What the task requires »
Reproduce exactly only the lines from the line that holds "Прави впечателние, че" to the line that holds "此前特斯拉中国官网的《特斯拉车机语音助手使用条款》中显示,特斯拉 Model Y", inclusive, in the listing below, and please leave out every picture.

Excerpted records »
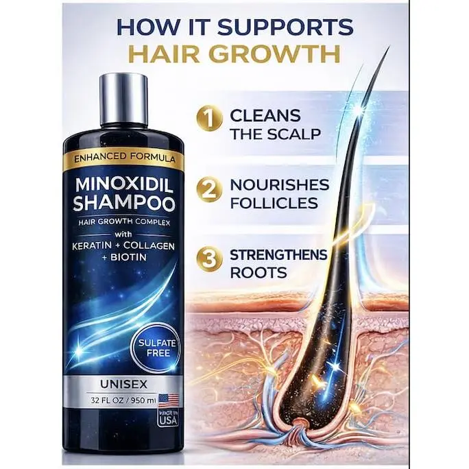 ·Minoxidil Hair Growth Shampoo is formulated to help support healthier-looking hair while nourishing the scalp. This advanced hair care formula combines Minoxidil with a powerful blend of botanical extracts including Saw Palmetto, Rosemary Oil, and Bergamot. These ingredients work together to help improve the appearance of thicker, fuller hair while helping maintain a balanced scalp environment. Enriched with Keratin, Argan Oil, and Biotin, this shampoo helps strengthen hair strands and reduce breakage, making hair feel smoother and more manageable. Perfect for men and women experiencing thinning hair, hair fall, or weak hair strands, this formula gently cleanses the scalp while delivering essential nutrients to support healthier-looking hair. Suitable for all hair types and ideal for daily use.
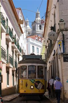 12 juillet : Le vent a soufflé de nord avec intensité (25/30 noeuds ) pendant 5 jours avant de se calmer un peu et que nous décidions de remonter sur Lisbonne sans avoir à tirer trop de bord, nous n'avions tiré qu'un seul bord du cap Saint vincent à Sines certes un peu musclé mais qu'un seul bord. Cette fois-ci nous allons tirer un seul bord de moteur car pas de vent même en passant le cap Espichel. Une fois rentrés dans l'estuaire du Tage, peu de bateaux, nous le remontons jusqu'à la marina Marinaexpo à 13 milles en amont. Marina très calme, confortable et moitié moins chère que les marinas de Cascais et Oeiras, sans les nuisances de la marina de Doca de Alcantara. Pour se rendre à Lisbonne il suffit de prendre le bus à l'arrêt tout proche de la marina et 10 minutes plus tard vous êtes arrivé au fameux quartier de l'Alfama, le vieux coeur de Lisbonne. Un lascis de ruelles odorantes et étroites, pavées, parcourues par les rails des tramways, des successions de placettes ombragées, les maisons décorées de guirlandes de linges, des escaliers étroits et tortueux. Parfois s'échappe d'une fenêtre grande ouverte un air de fado.
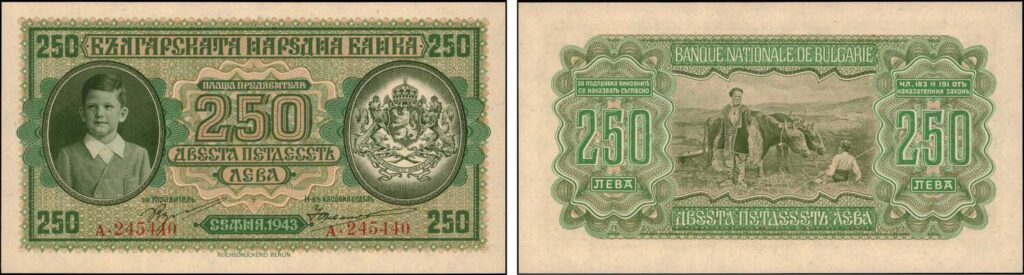 Прави впечателние, че лицевата им страна най-сетне е променена. Цар Борис III Сакскобургготски е починал и тогава за първи и последен път в Българската история, там стои едно дете, 6 годишният престолонаследник Симеон.
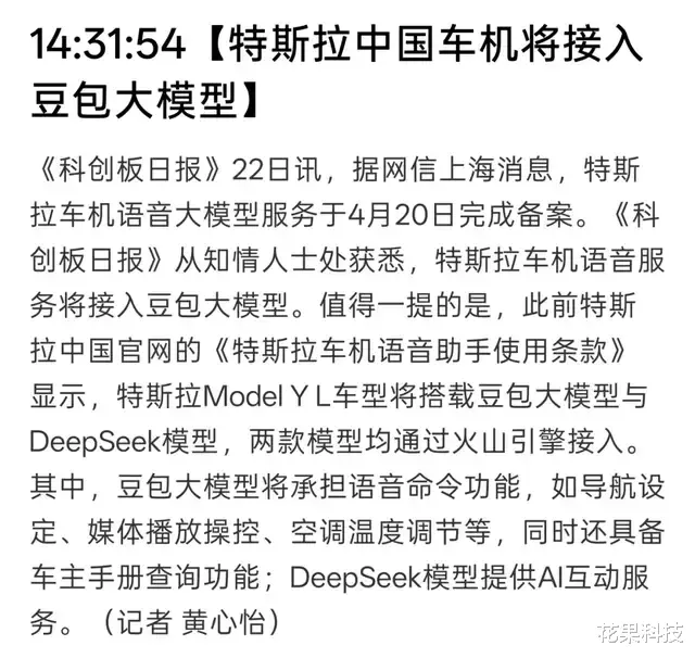 此前特斯拉中国官网的《特斯拉车机语音助手使用条款》中显示,特斯拉 Model Y L 车型的车机语音大模型将由豆包大模型和 DeepSeek 模型提供,两款模型都通过火山引擎接入。
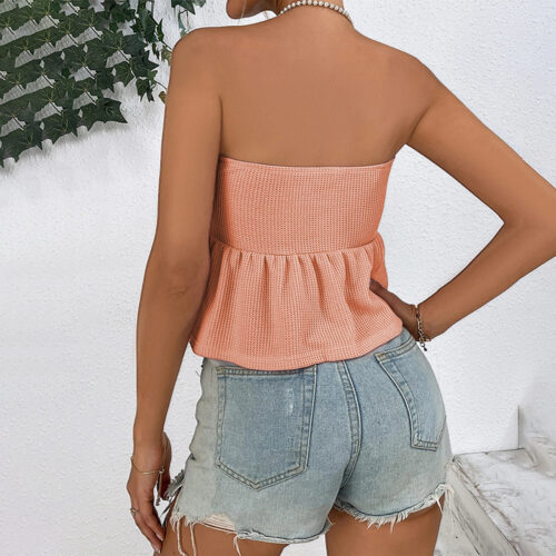 Bustier Top designs are the undisputed “must-have” for the 2026 European summer wardrobe, blending architectural structure with romantic lace-like textures. This versatile Tie-Front Peplum Top features a unique waffle-knit construction, offering the breathable comfort of a Waffle Knit Cami with the high-fashion edge of a Strapless Sweetheart Vest. Designed as a Sexy Sleeveless Corset, it includes a flattering peplum hem and adjustable waist ties that accentuate the silhouette while maintaining a relaxed, “modern urban” feel. Whether styled with high-waisted wide-leg trousers for a “Library Chic” aesthetic or paired with mini cycling shorts for a sporty city look, its soft-textured fabric and bold silhouette make it a standout piece in any contemporary collection.
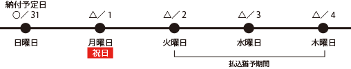 なお、口座番号等につきましては、お手数ですが、共済団までお問い合わせください。 - Q22掛金納付予定日が○月末日となっていますが、その日は日曜日なので振込みが出来ません。納付予定日を過ぎて振込をしても問題ありませんか。
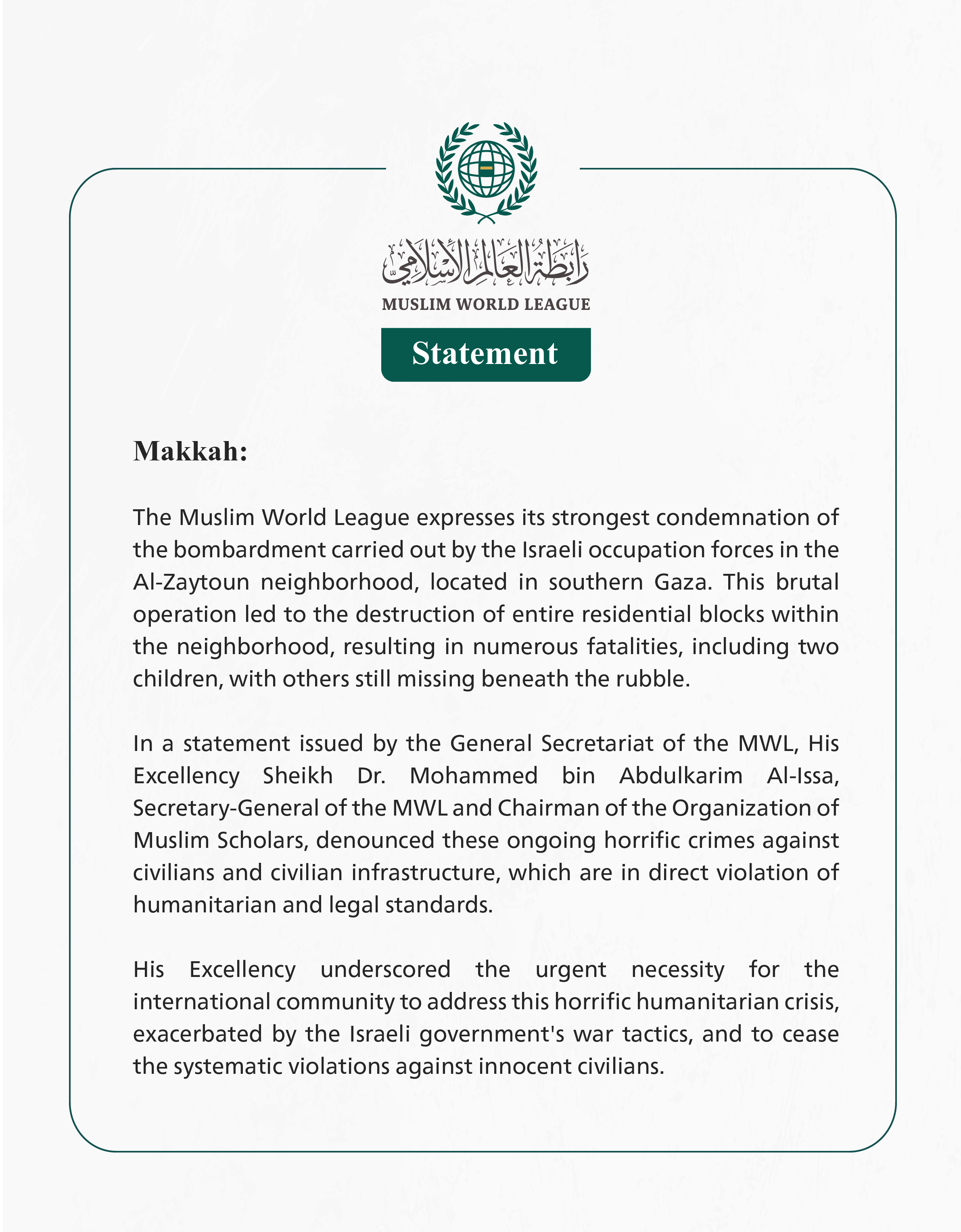 The Muslim World League expresses its strongest condemnation of the bombardment carried out by the Israeli occupation forces in the Al-Zaytoun neighborhood, located in southern Gaza. This brutal operation led to the destruction of entire residential blocks within the neighborhood, resulting in numerous fatalities, including two children, with others still missing beneath the rubble.
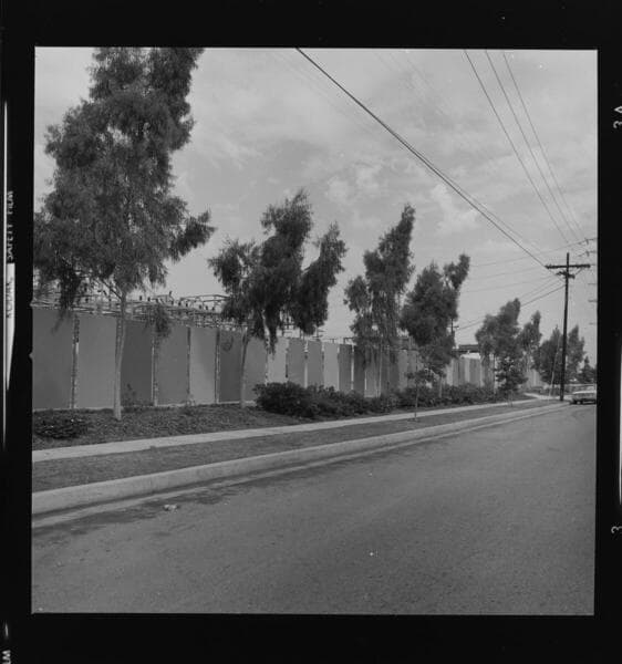 [Double-circuit transmission line corridor with "bird cage" insulators on single pole construction - Bluff Cove Substation] [with 3 variants]
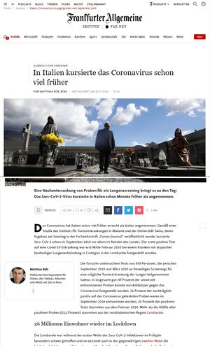 "[...] gemäß einer Studie des Instituts für Tumorerkrankungen in Mailand und der Universität Siena, deren Ergebnis am Sonntag [15.11.2020] in der Fachzeitschrift "Tumori Journal" veröffentlicht wurde, Sars-CoV-2 schon im September 2019 vor allem im Norden des Landes kursierte[..]"
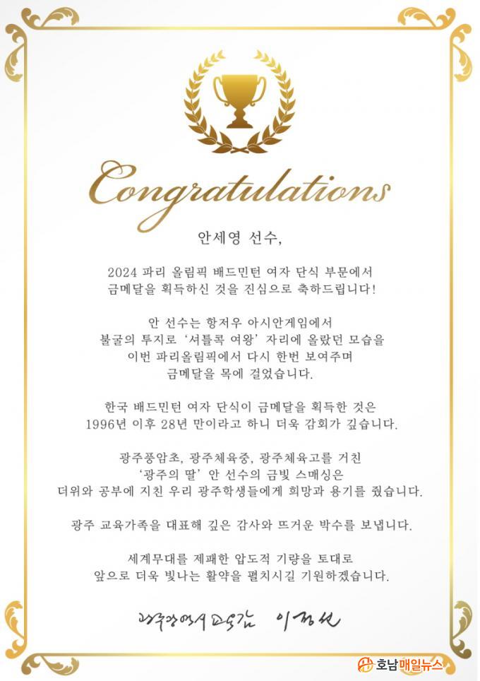 ÀÌ¾î ¡°¡®±¤ÁÖÀÇ µþ¡¯ ¾È ¼±¼öÀÇ ¡®±Ýºû ½º¸Å½Ì¡¯Àº ´õÀ§¿Í °øºÎ¿¡ ÁöÄ£ ¿ì¸® ±¤ÁÖÇлýµé¿¡°Ô Èñ¸Á°ú ¿ë±â¸¦ Áá´Ù¡±¸ç ¡°±¤ÁÖ ±³À°°¡Á·À» ´ëÇ¥ÇØ ±íÀº °¨»ç¿Í ¶ß°Å¿î ¹Ú¼ö¸¦ º¸³½´Ù¡±°í °Ý·ÁÇß´Ù.
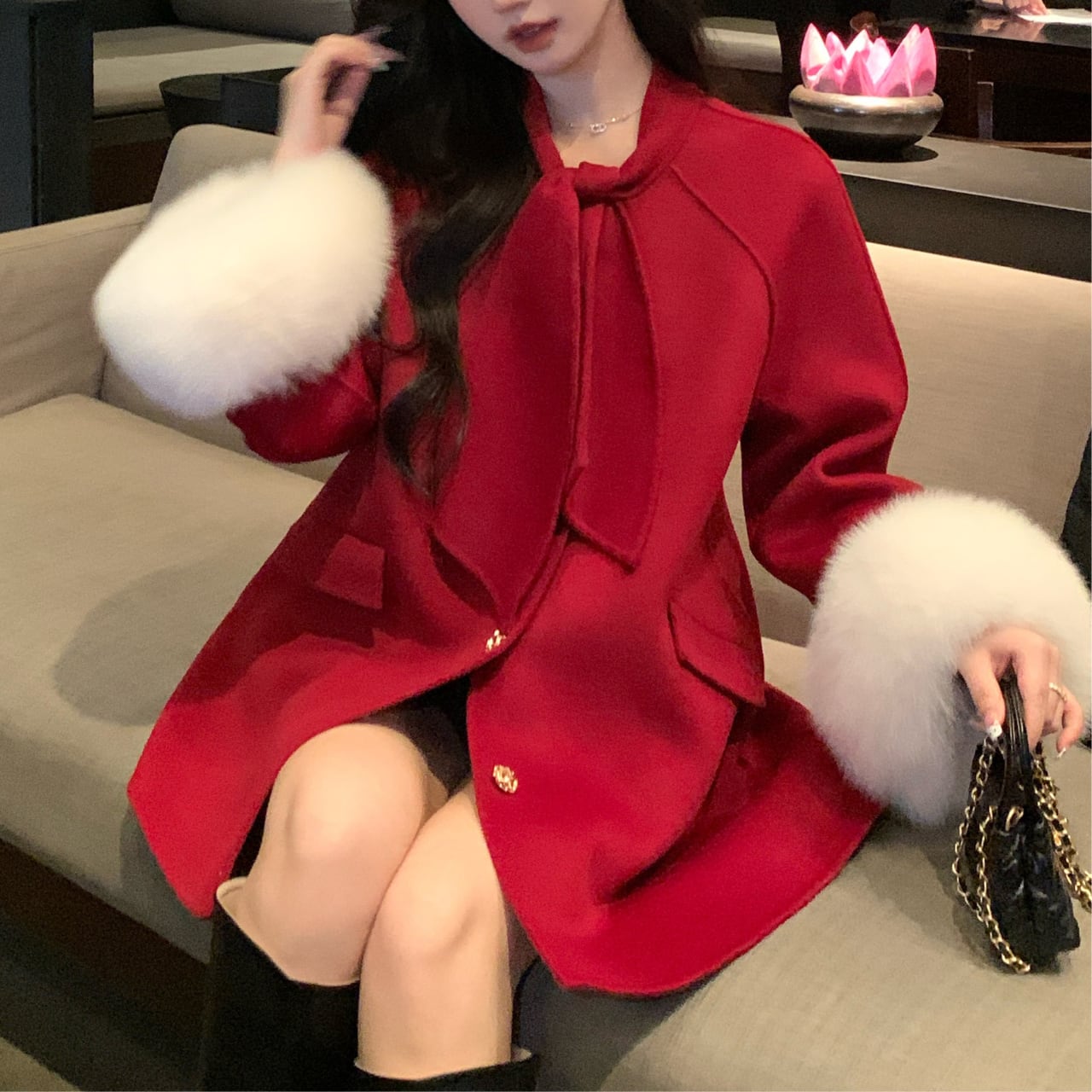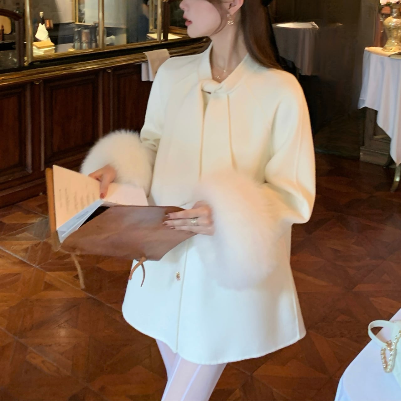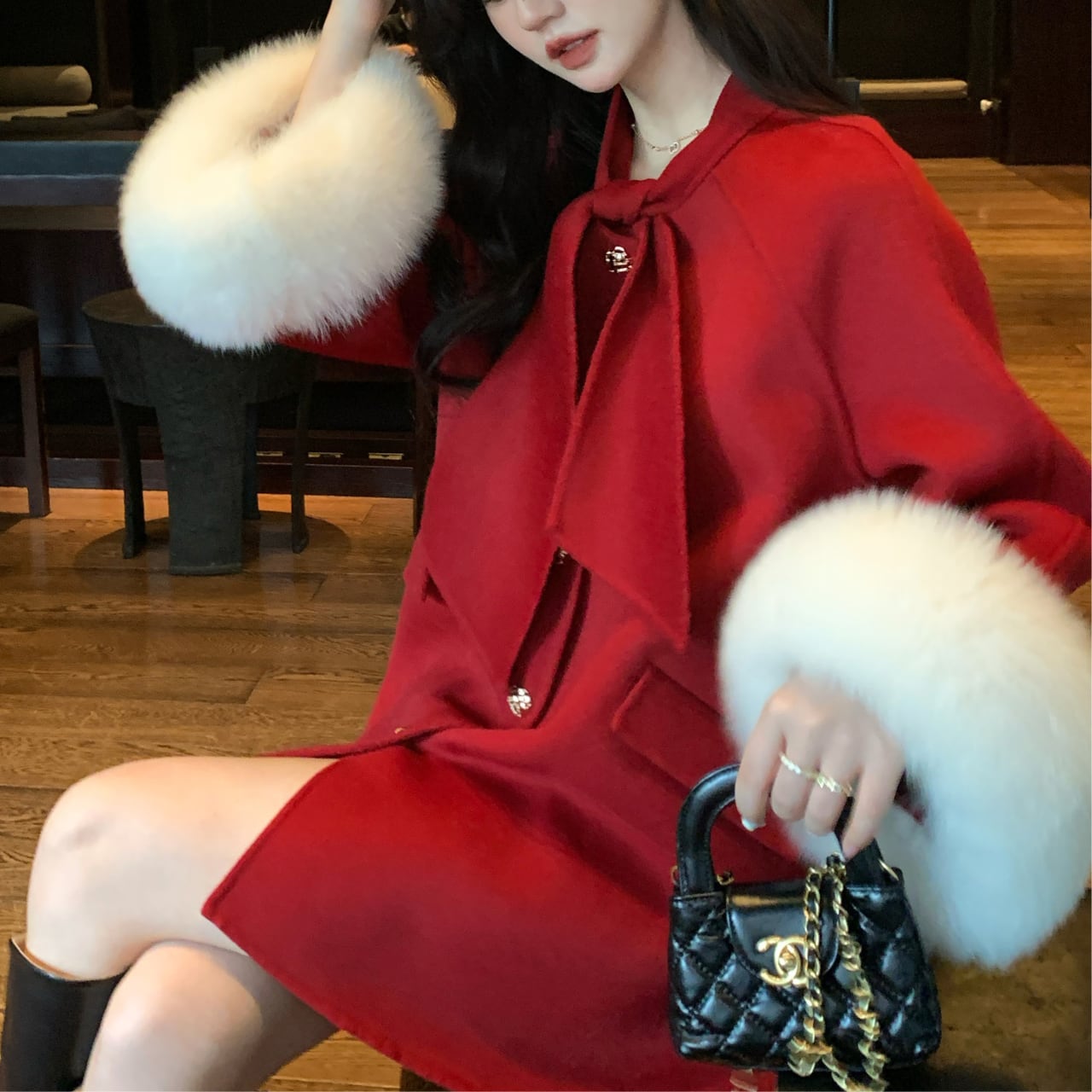 上質なウール素材を贅沢に使用した、エレガントなショートコート。 袖口のフォックスファーとフロントのリボンデザインが、クラシカルな印象を引き立てます。 ふんわりと広がるシルエットが美しく、ワンピースにもパンツスタイルにも相性抜群。 特別な日にも、日常の装いにも華やぎを添える一着です。 【サイズ】 XS:胸囲 104cm、袖丈 66cm、着丈 76cm S :胸囲 108cm、袖丈 67cm、着丈 77cm M :胸囲 112cm、袖丈 68cm、着丈 78cm ※採寸方法により1〜3cmの誤差がある場合がございます。 【カラー】 クリーミーホワイト ブラック ワインレッド 【素材】 表地:ウール100% 袖口ファー:フォックスファー100% 【お手入れ方法】 ・水洗い不可 ・専門業者によるドライクリーニング推奨 ・漂白不可 ・直射日光を避け、陰干ししてください ・ハンガーにかけて保管してください :::::::::::::::::::::::: 【お届けについて】 当ショップの商品は海外より取り寄せ・発送となる為 ご入金から5日〜15日前後でお届けいたします。 :::::::::::::::::::::::: ¨¨¨¨¨¨¨¨¨¨¨¨¨¨¨¨¨¨¨¨¨¨¨¨¨¨¨¨¨¨¨¨¨¨¨¨¨¨¨¨¨¨¨¨¨ 【注意事項】 ・商品到着までに2〜3週間程頂いております。 ・海外在庫のため在庫情報に時差が生じますため 在庫切れや生産中止、生産に遅れがある場合は、受注後でも キャンセルさせていただく恐れがございます。 予めご了承ください。 ・イメージ違い・サイズ違いによる交換はいたしかねます。 ・スマートフォンやパソコンの液晶の違いにより、 商品の色味に若干の差が発生する場合がございます。 ・発送時期によりデザイン仕様(素材や細部)の変更が ある場合がございます。 ¨¨¨¨¨¨¨¨¨¨¨¨¨¨¨¨¨¨¨¨¨¨¨¨¨¨¨¨¨¨¨¨¨¨¨¨¨¨¨¨¨¨¨¨¨ 【お支払い方法】 以下の各種お支払い方法をお選びいただけます。 ・BASEかんたん決済 ・クレジットカード決済(VISA/Master/JCB/AMERICAN EXPRESS) ・キャリア決済 ・コンビニ決済・Pay-easy ———————————— ご購入前にこちらをお読みください →https://vulevu.official.ec/about ————————————
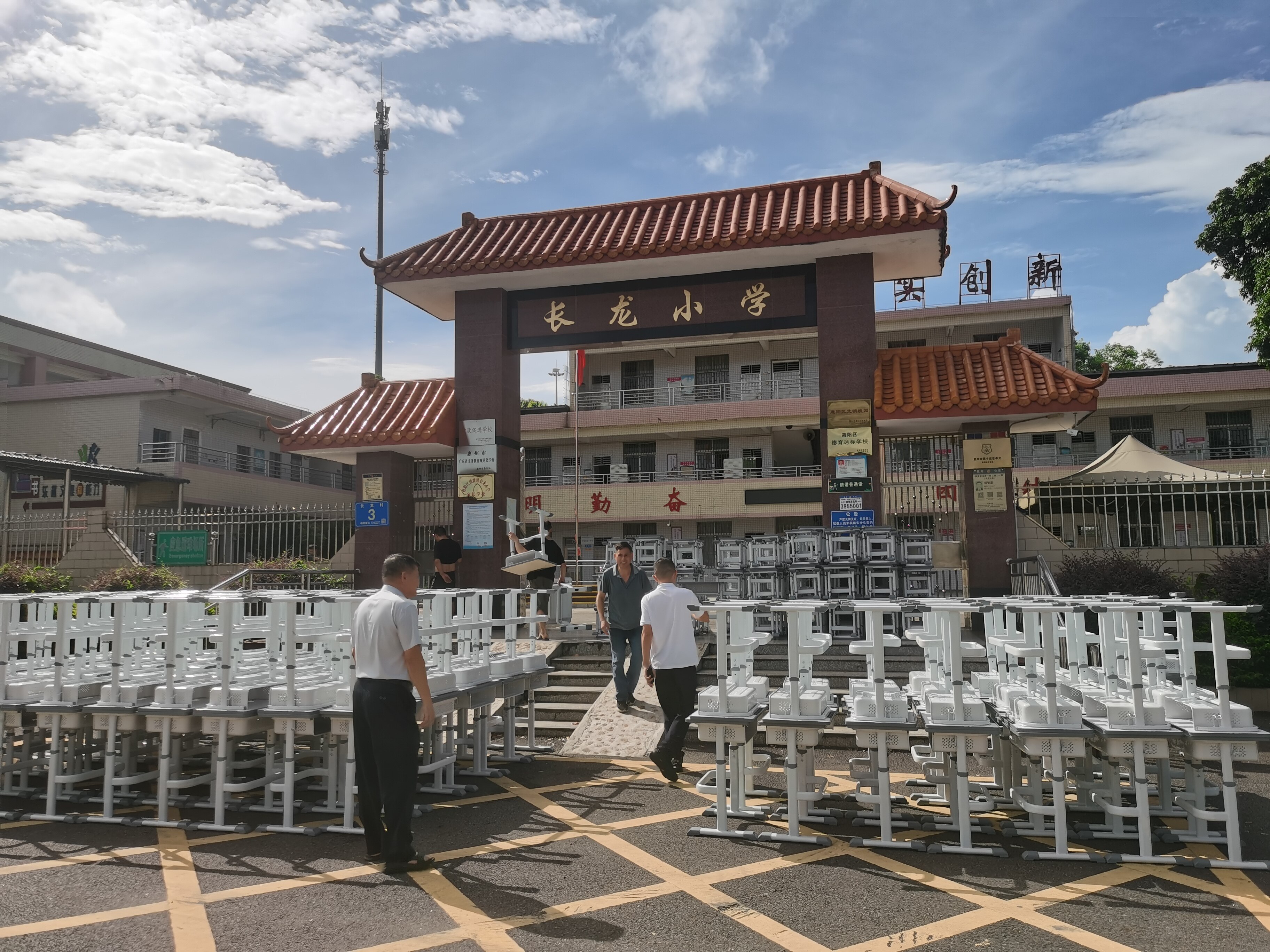 長龍小學:長龍村黨支部,捐贈8臺空調和300套新書桌椅

Response below »
 Прави впечателние, че лицевата им страна най-сетне е променена. Цар Борис III Сакскобургготски е починал и тогава за първи и последен път в Българската история, там стои едно дете, 6 годишният престолонаследник Симеон.
 此前特斯拉中国官网的《特斯拉车机语音助手使用条款》中显示,特斯拉 Model Y L 车型的车机语音大模型将由豆包大模型和 DeepSeek 模型提供,两款模型都通过火山引擎接入。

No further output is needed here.